Толстой прислушался – не слишком ли слышна из кладовки возня и весело объявил по-русски:
– У меня родился потрясающий каламбур! Вот послушай! О где же, где же наш Белье? В зловонном скрылся он белье! Выживет – его счастье, а нет – туда и дорога!
С тем и отправились. К облегчению компаньонов, Крымский мост не пострадал от пожара. Потому добрались до Хамовников без задержек и приключений. В Кавалерийских казармах, что составляли суть и главную достопримечательность здешних мест, во множестве квартировали французы. Однако это не помешало Толстому открыто заявиться на казарменный двор и отвести в конюшню обеих лошадей.

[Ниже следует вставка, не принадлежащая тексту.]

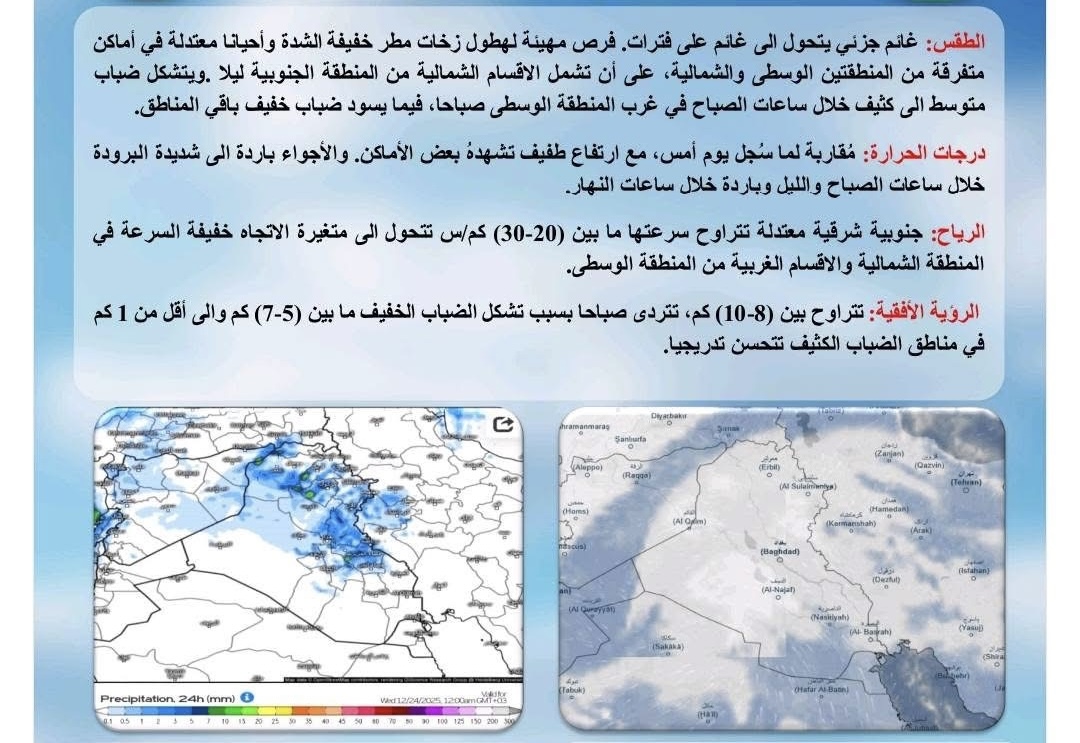 تشير التحديثات الجوية إلى تحسن واضح في فرص الهطول ابتداء من مساء اليوم الثلاثاء ( 23 كانون الأول 2025 )، مع زخات مطرية متفرقة قد تغزر على فترات وبنطاقات جغرافية ضيقة، تتركز بالدرجة الأساس في مدن شمال المنطقة الوسطى وشمال البلاد وشرقها، ولا سيما ديالى وصلاح الدين والسليمانية.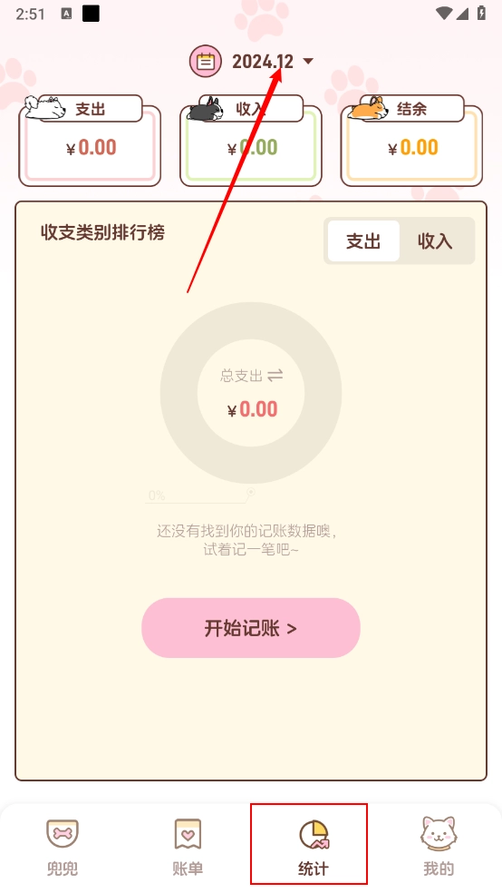 在“统计”区域,能够查阅每个月的收入、支出等各类数据。

В качестве платы за постой граф выдал конюху остатки колбасы Максима и большое зелёное яблоко. Плохо ли, хорошо ли, но таким образом оказалась решена задача сохранности лошадей: пусть уж лучше вражьи полчища преграждают доступ к ним, нежели будут брошены без присмотра с риском быть украденными.
Дальше пошли порознь. Максим отстал, прислонился к какому-то забору и краем глаза стал наблюдать за компаньоном, приближающимся к небольшой калитке в ажурной ограде, за которой скрывался обширный парк. Навстречу мнимому Белье вышел польский солдат и вытянул вперёд ладонь, преграждая путь. Толстой, перенятым у Франсуа жестом, также вытянул перед собой ладонь, а затем её тыльной стороной коснулся лба. Однако поляку этого оказалось недостаточно. На плохом французском он потребовал, чтобы пришелец снял бинты и показал лицо.
Максим ругнулся про себя: упрямый Американец своей дурацкой склонностью к театральщине погубил всё дело.
Но тут рядом с поляком возникла чья-то тень, и раздался смутно знакомый голос:
– Нет необходимости снимать повязку. Я узнаю собственную работу, – голос принадлежал давешнему лекарю. Часовой немедленно послушался и пропустил Толстого. За ряженым графом внутрь последовал и тот, кто, в свою очередь, рядил себя в одежды армейского врача.
«Ну-ну! Пока фортуна благоволит к этому чёртову комедианту!» – ухмыльнулся про себя Максим. – Хорошо ещё, что его не обыскали, а то бы весьма озадачились. Но каков подлый докторишка – изумительный прощелыга! Наверное, обладает немалым весом в тайном обществе».